4. Dealing with common answer choices to Evidence questions.
 “The testimony is inadmissible due to its self-serving nature.”
o This is a relatively common distractor. Whenever you see a choice like this, it’s incorrect,
regardless of the facts. The self-serving nature of the testimony affects its credibility, not its
admissibility.
 “Admissible as res gestae” or “Inadmissible as testimony on ultimate issues.”
o These alternatives are common distractors on the MBE. Don’t choose old rules like these.
o “Testimony on ultimate issues” is a limitation that is not recognized under the FRE.
 “Inadmissible because the declarant is unavailable to testify.”
o Although it can be correct, because a few hearsay exceptions do require that the declarant be
unavailable, for the majority of hearsay exceptions, unavailability is not required.
o The hallmark of the hearsay exceptions under the FRE is trustworthiness, not unavailability.
(The hearsay exceptions that do require unavailability includes prior testimony, dying
declarations, declarations against interest, and statements of pedigree.)
 “Inadmissible because the probative value of the evidence is substantially outweighed by the
probability of undue prejudice.”
o The best thing you can do is to keep in mind the type of evidence typically excluded under FRE
403: shocking evidence.
 “Inadmissible because it is hearsay not within any exception.”
o What the answer choice is really saying when it says “inadmissible as hearsay not within any
exception” is “inadmissible under any other answer choice for this question.” If you read it this
way, it becomes obvious that the only way to arrive at the “inadmissible” answer choice is
through a process of elimination.
o For “inadmissible” to be the correct choice, the other three alternatives must be clearly wrong.
 Avoid any answer choice stating a concept you don’t recognize.
 Avoid any answer choice that would exclude testimony because of witness incompetence.
o There are only two requirements: The witness must have personal knowledge of the matter on
which he will testify, and he must declare that he will testify truthfully, by oath or affirmation.
o Also, whenever you see “incompetence” as a possibility on the MBE, be careful not to confuse it
with bias – that’s normally what’s at issue when competence is raised as a possibility.
 How to handle any answer choice dealing with expert testimony.
o An expert may testify on three types of information: personal observation, facts presented to
the expert at trial (i.e. answering a hypothetical question), or facts introduced to the expert
outside the courtroom (i.e. by technicians or consultants) of the type upon which experts in his
field reasonably rely.
o An expert may base his opinion on facts not in evidence and even on facts that could not be
admitted as evidence because they’re inadmissible hearsay. Thus, when you come across a
question on expert testimony, look closely before you decide the testimony is inadmissible.

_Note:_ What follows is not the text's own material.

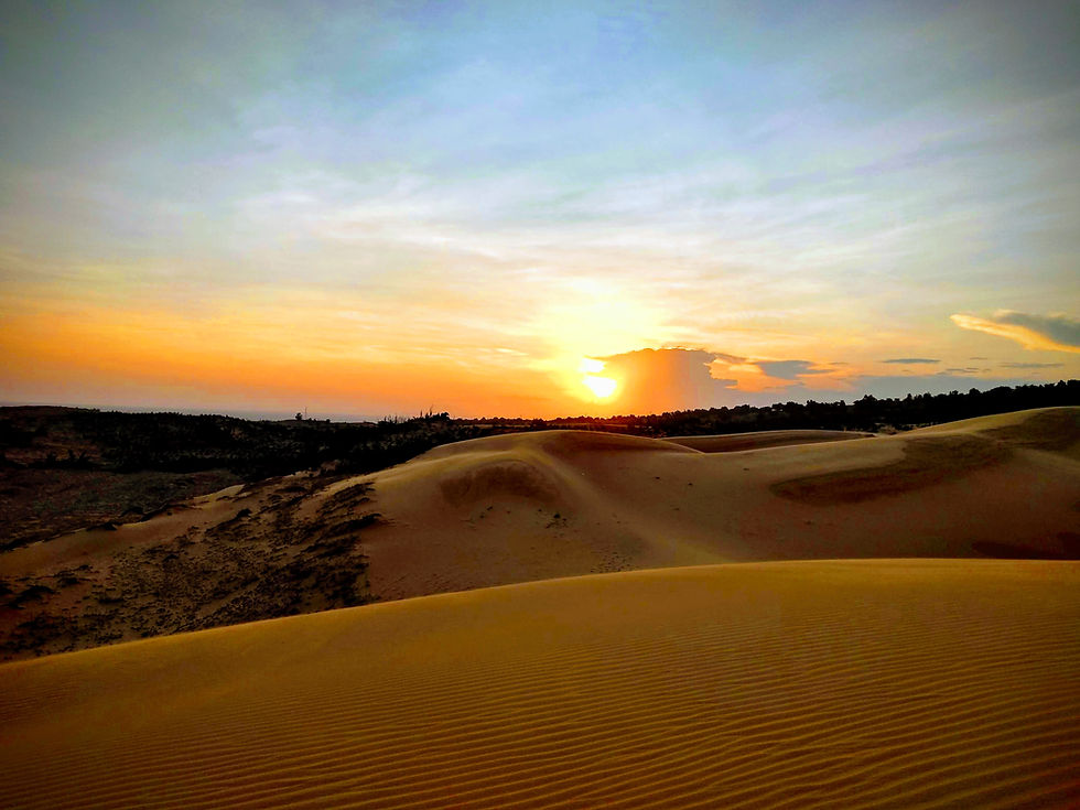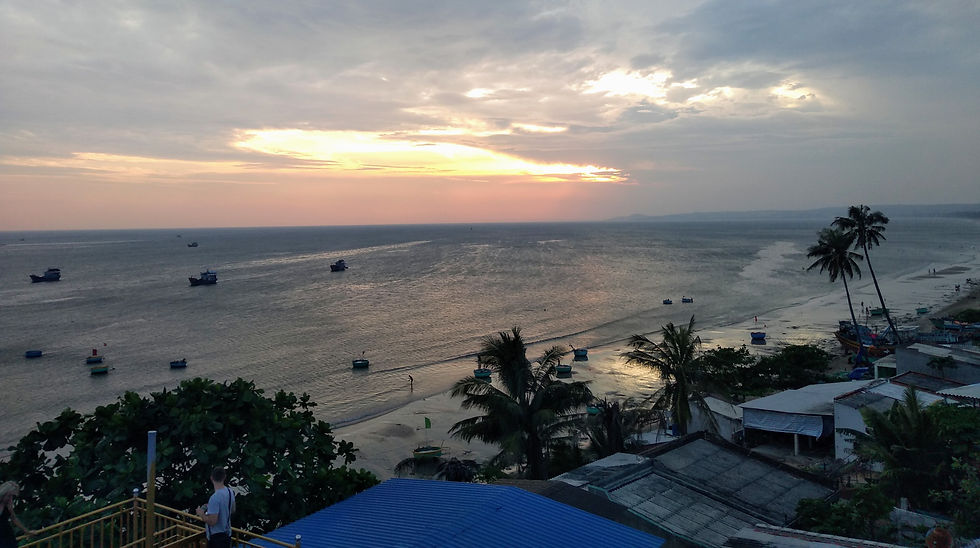 Mui Ne is het tegenovergestelde van Saigon. Van origine is het een klein vissersdorp. Aangezien het de laatste jaren steeds populairder is geworden onder toeristen (met name door het goede surfklimaat), rijzen ook hier de hotels als paddenstoelen uit de grond. Op dit moment zitten we op de overgang van laag- naar hoogseizoen dus het is nu nog erg rustig. In het laagseizoen komen met name toeristen uit Azië naar Mui Ne, die deze plaats gebruiken als tussenstop (vaak voor 1 nacht) alvorens hun volgende bestemming te bezoeken. In het hoogseizoen (november tot maart) schijnen er meer Westerse toeristen te komen voor een langer verblijf voor het surfen. Ik werk in de Lodge van de surfschool (ze hebben 8 kamers en een restaurant op een dakterras met een fabuleus uitzicht). Het 'werk' is dus vrij eenvoudig. In de vrije uurtjes ben ik veelal op het strand te vinden al stoeiend met mijn surfplank in de golven (gisteren (na 4 dagen oefenen) voor het eerst gelukt om een paar seconden te blijven staan alvorens gracieus weer ten val te komen whoopwhoop).

 Answer choices dealing with admissions in conjunction with offers to settle or offers to pay medical
bills.
o The four possibilities under the FRE are: offers and payment of settlements themselves,
admissions in conjunctions with an offer to pay a settlement, offers and payment of medical
bills, and admissions in conjunction with an offer to pay medical bills.
 Of these four, all are inadmissible except admissions in conjunction with an offer to pay
medical bills. If you remember a simple word picture, you can easily memorize this rule.
 First, notice that the payment of settlements or of medical bills, as well as offers
to pay, are always inadmissible. Thus, it’s only the admissions that you have to
worry about: Admissions with medical bills are admissible, whereas admissions
with settlements are not.
 Admissions in conjunction with settlements are NOT admissible, and admissions
in conjunction with medical bills are.